It can be seen that numerous previous studies on citizen willingness-to-invest in renewable energy have primarily examined the economic and social factors affecting citizen decision to invest, while the true extent of this influence remains somewhat vague. That is, most studies have noted the role of socioeconomic factors, but very few of them have tried to examine whether and how economic in conjunction with social factors affect citizen decision-making. Moreover, most relevant studies often depend on datasets derived from small sample sizes, while much research focuses on citizens that have already invested in specific investment schemes rather than on non-investors whose willingness-to-invest is much more relevant to examine if we are to devise new strategies to mobilize citizen RES investment.
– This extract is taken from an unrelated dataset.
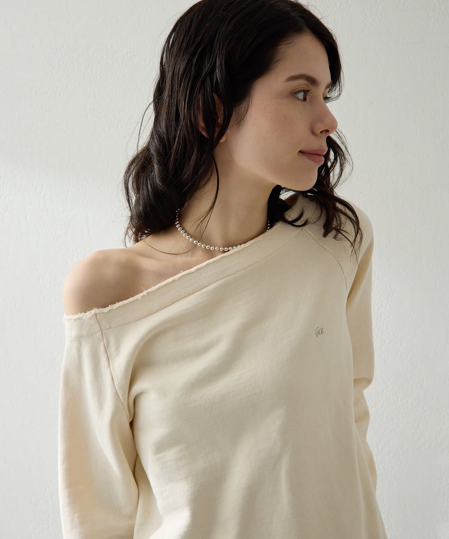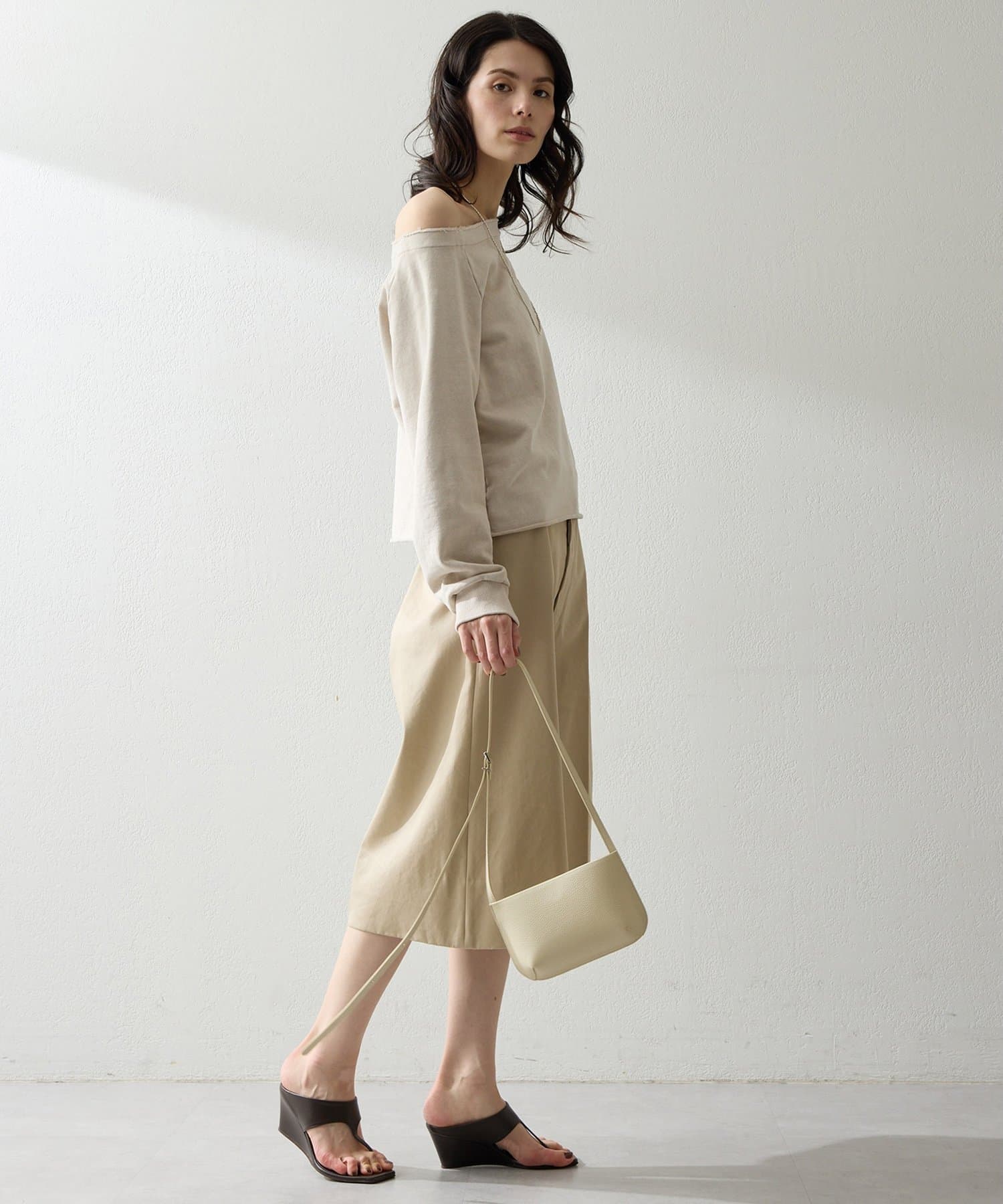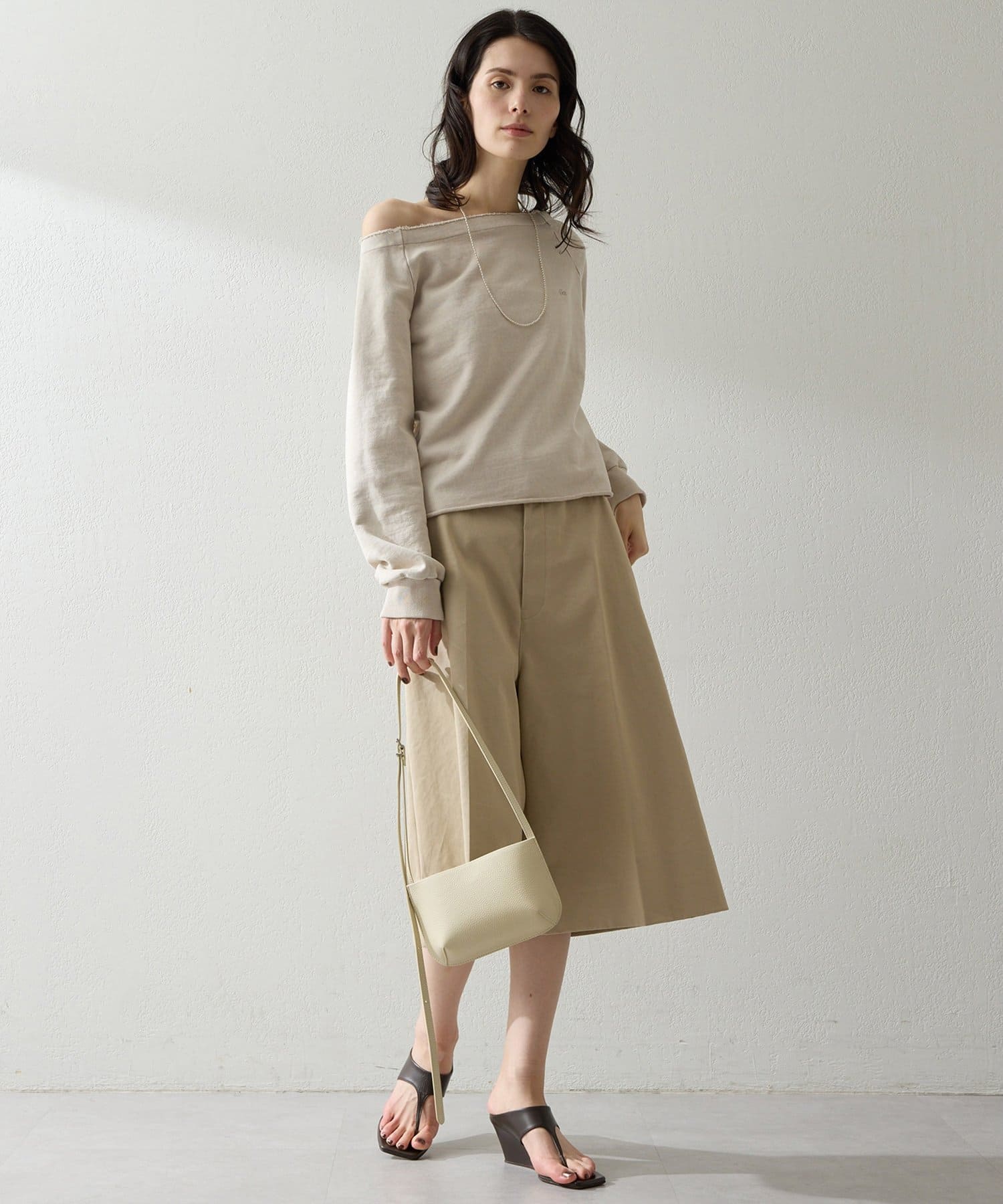 ■程よくラフな表情と、女性らしいデコルテラインを引き立てるオフショルデザインが絶妙なバランス。

Furthermore, the ability to classify citizens based on how they evaluate the effect of socioeconomic factors is underexplored, even though it may hold the potential to introduce a novel approach to policymaking design. There is thus a remarkable gap in the literature which is crucial to fill for various reasons. Understanding how citizens can be classified according to their evaluation of socioeconomic investment drivers is necessary in order to inform targeted interventions and support mechanisms. A precise idea of citizen decision-making may also be the missing link to designing investment mechanisms that correspond better to citizens’ needs and preferences. It is, therefore, worthwhile to examine if such segmentation is possible because this may reveal novel nuances that may have been missed in marketing strategies and policies. In addition, as attitudes to renewables constantly change, it is necessary to conduct research regularly so that marketers and policymakers have a precise idea on the factors that affect citizen investment [27]. Using a large citizen sample that allows for a better differentiation among clusters, this study aims to investigate whether it is possible to identify distinct and addressable citizen clusters which can enable energy developers and marketers to effectively attract and address the preferences and needs of potential investor segments.
The remainder of this paper is structured as follows: The second Section describes in great detail the methods that were followed to carry out the study, and then, in the third Section, the developed clusters are presented. Afterward, the results reported in this paper are discussed, and in the last Section, conclusions are reached and study limitations are stated.

2. Research Methodology

2.1. Research Area

The analysis presented in this paper is part of a broad research that focused on citizens’ attitudes towards renewable energy investments. The study area involved all households in Greece, a member state of the EU located in southeastern Europe. Greece was chosen as the study area because it has a notable renewable energy potential and, if energy transition is successfully implemented, the country can become a remarkable renewable energy producer in the EU [2,3].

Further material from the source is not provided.